Wednesday, April 7, 2010

HERE COMES BIG BROTHER

The newest gadget has arrived. Apple's iPad hit the stores last week. Everybody's raving about it but I just don't understand the hoopla. Nobody ever asks me what I would like the geeks to invent to make my life easier. I have a computer. Don't need anything else. In fact I don't even NEED the computer. What I could use is an iMaid or an iDo Windows. Some day you will be able to download everything in your brain onto your computer. Being able to retrieve my memory will be great when senility sets in. It will just add one more thing to my morning ablutions.


HERE COMES BIG BROTHER!


Technology has stripped us of any privacy we may have had. We stand naked to the world. The computer has outed every one of us. Once you plug in that old PC and connect yourself to the internet you’ve invited the world’s eye into your home. If you go to one web site they have you. The second time you go it will say “Welcome Carolyn, please log in”. If I haven’t logged in yet how the hell do they know it’s me?

I think I was the last person in this country to get an answering machine. No, I take that back, I know of one other person. One. Technology is not my strong suit. I have trouble with cell phones. I really don’t want people to reach me every waking second, but if I don’t answer, my technologically savvy daughter leaves me a rude message, “Why bother having a cell phone if you’re not going to leave it on?” “In case I have an emergency” isn’t a satisfactory answer for her. And I really hate people with caller ID. When you call someone they shouldn’t be able to answer, “Hi Carolyn”. That really creeps me out. It’s like some supernatural being is out there telling people I’m about to call. “Stand by, Carolyn O’Daly is dialing your number.” And what about that Do Not Call list? It exempts charities. I don’t know about you but half my unwanted dinner time calls are from the Fraternal Order of somebody or other.

I was at the Stop and Shop today. If I use a discount card the register keeps track of how much money I’ve saved during the year. My question is - what other information about me do they have stored? I’m convinced the computer evaluates what I’ve purchased and spits out the appropriate coupons. I bought a bottle of spicy salsa and received a coupon for Tums. This doesn’t strike me as random. In case you didn’t know--if you use a credit card the liquor store keeps a record of how much you spend. Now that seems just plain wrong to me. People can no longer be closet drinkers.

Don’t get me wrong, all technology is not bad. When I’m sick and have to go to the doctor I want all that modern science has to offer. Use those diagnostic tools to get me well. But my car? What happened to the friendly neighborhood mechanic who used to figure out what was wrong by the sound it made? “Is it more of a ka-chug or a clank?” he’d ask me. If I recreated the sound faithfully over the phone he could tell me what was wrong, how long it would take him to fix and what it would cost. Not any more. There are so many computerized parts in a modern automobile it takes a Bill Gates or Steve Jobs to figure it out.

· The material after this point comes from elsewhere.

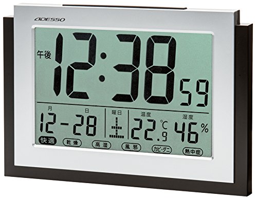 -. Feature : サイズ:(約)高さ13.8×幅20.0×奥行き7.0cm (スタンドを広げた場合) / 本体重量:(約)319g / 材質:ABS樹脂 / 生産国:中国 / 機能:電波受信機能(自動受信、手動受信)、電子音アラーム、スヌーズ機能、2アラーム時刻設定、温度表示、湿度表示、環境管理アイコン表示(乾燥、高温、風邪、カビ・ダニ、熱中症)、グリーンバックライト / 電源:単3型乾電池×2 / 付属品:単3型乾電池×2、取扱説明書兼保証書

I heard an advertisement on the radio for a talking scale. Now I don’t know about you but I do not want a scale that will shout out how much I weigh. Especially before I’ve had my morning coffee. And what else does it say? “Get off, get off you fat pig. You’re squashing me!” “Why don’t you stop eating so much. Don’t you have any will power at all?” Doesn’t the thought just make you shudder?

If you believe what you see on television you can’t have fun without a computer any more. Game boys, Ipods, MP3 players, Nintendos. When I was a kid I was thrilled with a coloring book and package of Crayolas. It didn’t even have to be the one with 64 colors. Now, if it doesn’t have a screen or beep, the kids aren’t interested. And speaking of kids, I don’t like the way things are going there either. You shouldn’t have to ask your five year old to program the VCR for you. Oops. I admit it. I still have a VCR, and my success rate of taping a show when I’m not home is about three percent.

If you aren’t techno literate these days it’s like being an immigrant who doesn’t speak the language. The 800 numbers they give you in the manual under ‘troubleshooting’ don’t help either. The geeks that answer the phone are like aliens. They assume if you have a piece of equipment you are familiar with what it does. Not necessarily so, and it’s embarrassing to admit that you didn’t know you had to plug it in, or get software for it, or whatever.

Back in 1969 when I went to see the movie “2001 - A Space Odyssey” I got a big laugh out of the concept that a computer could take over. I’m not laughing anymore.